OpenDNS

Description:

Setting up OpenDNS is a pretty straightforward tasks: You sign up for the service, then you point your DNS servers to their servers. From your admin portal, you can configure settings for your network. The point of OpenDNS is to filter traffic to your network, from the DNS level.

For a post with screenshots see here.

To Resolve:

1. Login to OpenDNS web GUI and take note of the following under “Configuration”:

   • Policy settings => Domain Lists => Global block/allow list: This is where you will add domains to be whitelisted.
   • Category settings: Set rules like blocking nudity/illegal/malware
   • Identies => Networks => Add devices: Here you would add anything WAN facing that is not being nat’d e.g. a node with a public IP address.
   • Protocol based attacks: This is for advanced features, we just left ours at default.
   • Block page appearance => Configure options that the end user will see when a page is blocked.
   • And many more. As most admins do, feel free to poke around and learn what you are paying for.

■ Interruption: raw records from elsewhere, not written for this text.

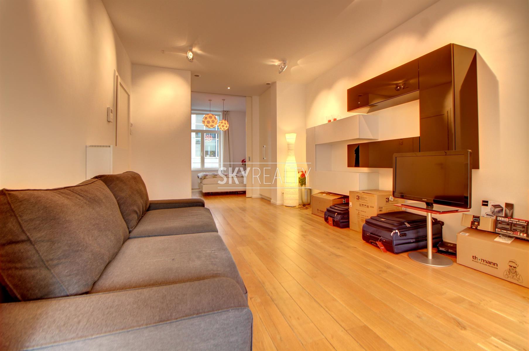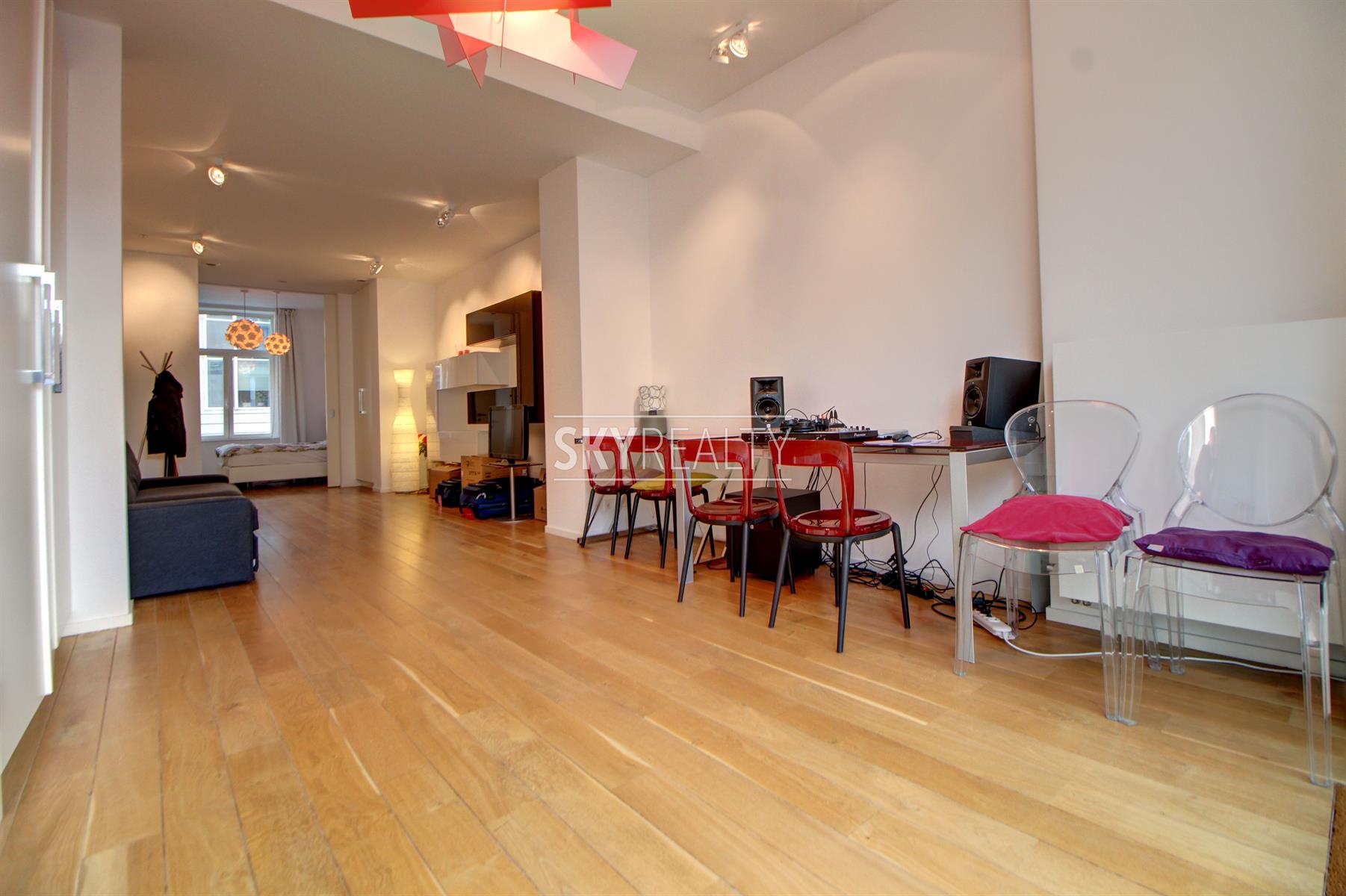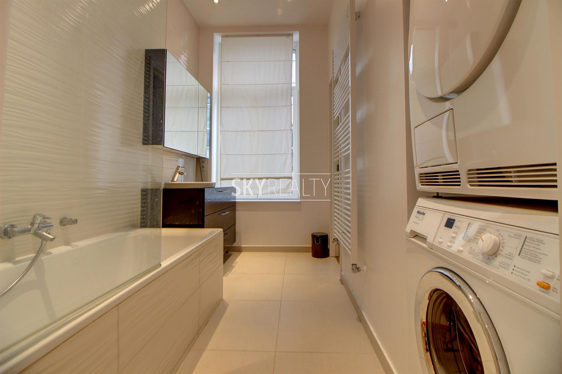SCHUMAN: Sublime Appartement 1 chambre Meublé de ± 80 m² entièrement rénové de A à Z avec un architecte d'intérieur (avec des matériaux de qualité) sis au 2e étage (avec ascenseur) d'une belle maison de Maître. Il se compose comme suit: un living lumineux de ± 40 m² (exposé ouest, avec un beau parquet en chêne massif, une cuisine hyper-équipée (100% Miele: réfrigérateur-congelateur, plaque vitro, hotte, lave-vaisselle, assiettes, couverts, ustensiles de cuisine, etc.), une grande chambre de ± 13m², une salle de bain (bain, évier, douche, un coin avec une machine à laver et séchoir Miele), une toilette séparée (avec porte coulissante pour un accès également via la SDB). Finitions haut de gamme, décoration moderne, luminaire design et spots leds, double vitrage de qualité supérieure partout, ascenseur, visiophone (Aiphone), armoires et rangement sur mesure dans tout l'appartement. Local vélos. Une adresse prisée à 2 minutes à pied de Schuman (Métro - Gare - Taxis - Villo - STIB Airport Line, Voitures partagées, etc.), au calme mais proche de toutes les commodités: restaurants, bars, supermarchés et commerces de proximité, centre de fitness et médical et accès aisé aux grands axes autoroutiers. Le Parc du Cinquantenaire à 2 minutes à pied. Un quartier sécurisé, verdoyant et très agréable à vivre. Libre immédiatement. Loyer 1390€ + 80€ de charges/mois (Chauffage, eau, communs et assurance locative incluse avec abandon de recours). Infos et visites: David: 0495 511 555.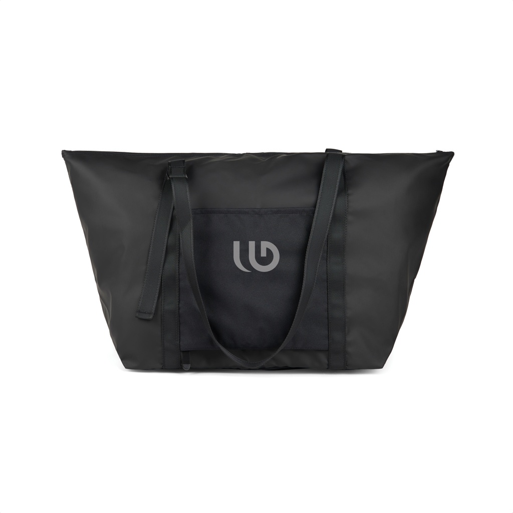Den perfekta resekamraten, weekendväska tillverkad av superlätt GRS-certifierad polyester med en slitstark PU-beläggning. Väskan viks enklet ihop och säkras smart med en rem och ett spänne för kompakt förvaring när den inte används. Väskan har en smart ytterficka, med dragkedja i botten, som kan omvandlas till en säker hållare för att sätta över handtaget på din resväska. Justerbara remmar gör att du kan bära den i handen eller över axeln. En mindre innerficka för dina viktiga saker. Dessa mångsidiga väskor är inte bara lätta att bära, de är också designade för att enkelt vikas ihop och förvaras kompakt i ditt bagage, vilket ger bekväm extra förvaring /utan att addera onödig vikt. Det totala återvunna innehållet baseras på produktens totala vikt. Denna produkt innehåller 52% GRS-certifierad återvunnen polyester.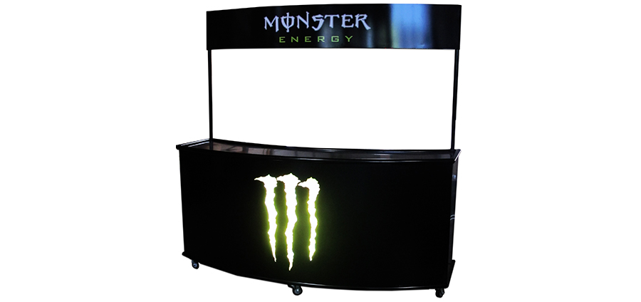 All of our portable bars can be completely customized including custom dimensions, accessories, colors, lighting, and branding.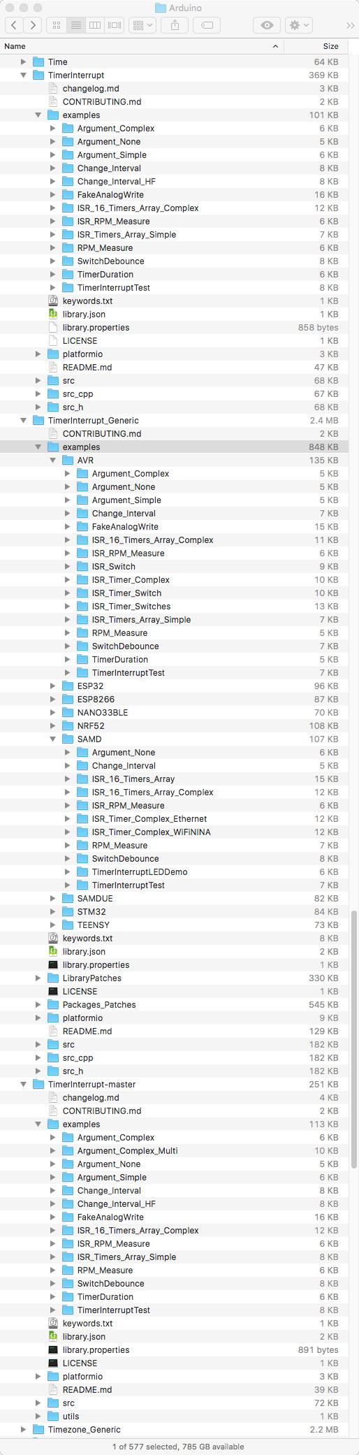 とりあえず「Arduino timer interrupt」と検索すると、いきなり本命の このページ に行き着き、該当するライブラリをダウンロード/インストールしてみると、上のように、これは最新の「TimerInterrupt-master」というものだったのだが、既に僕のArduino IDEにはほぼ同じ構成の「TimerInterrupt」というライブラリがインストールされていて、さらに別の「TimerInterrupt_Generic」という巨大なものもインストールされていて、ここではCPUタイプごとにそれぞれのexamplesが並んでいた。 この3つを共存させていると問題が起きるとすれば、最新の「TimerInterrupt-master」だけ残していけばいいのだろう。

2. After setting the policies and settings up in the web GUI, you just point your DNS servers to the new upstream servers:

   • Login to DNS => Right click (ServerName) => Forwarders tab => Remove your current and add OpenDNS Ip’s
   • For me, it changed from:
     • ATT:
     • 12.xxx.16x.67
     • 12.xxx.17x.71
     • to
     • OpenDNS:
     • 208.67.222.222
     • 208.67.220.220

3. Right click your server and “clear cache”. It shouldn’t take but 5-10 minutes for it to start taking effect. Any issues you encounter you can put in a ticket with OpenDNS.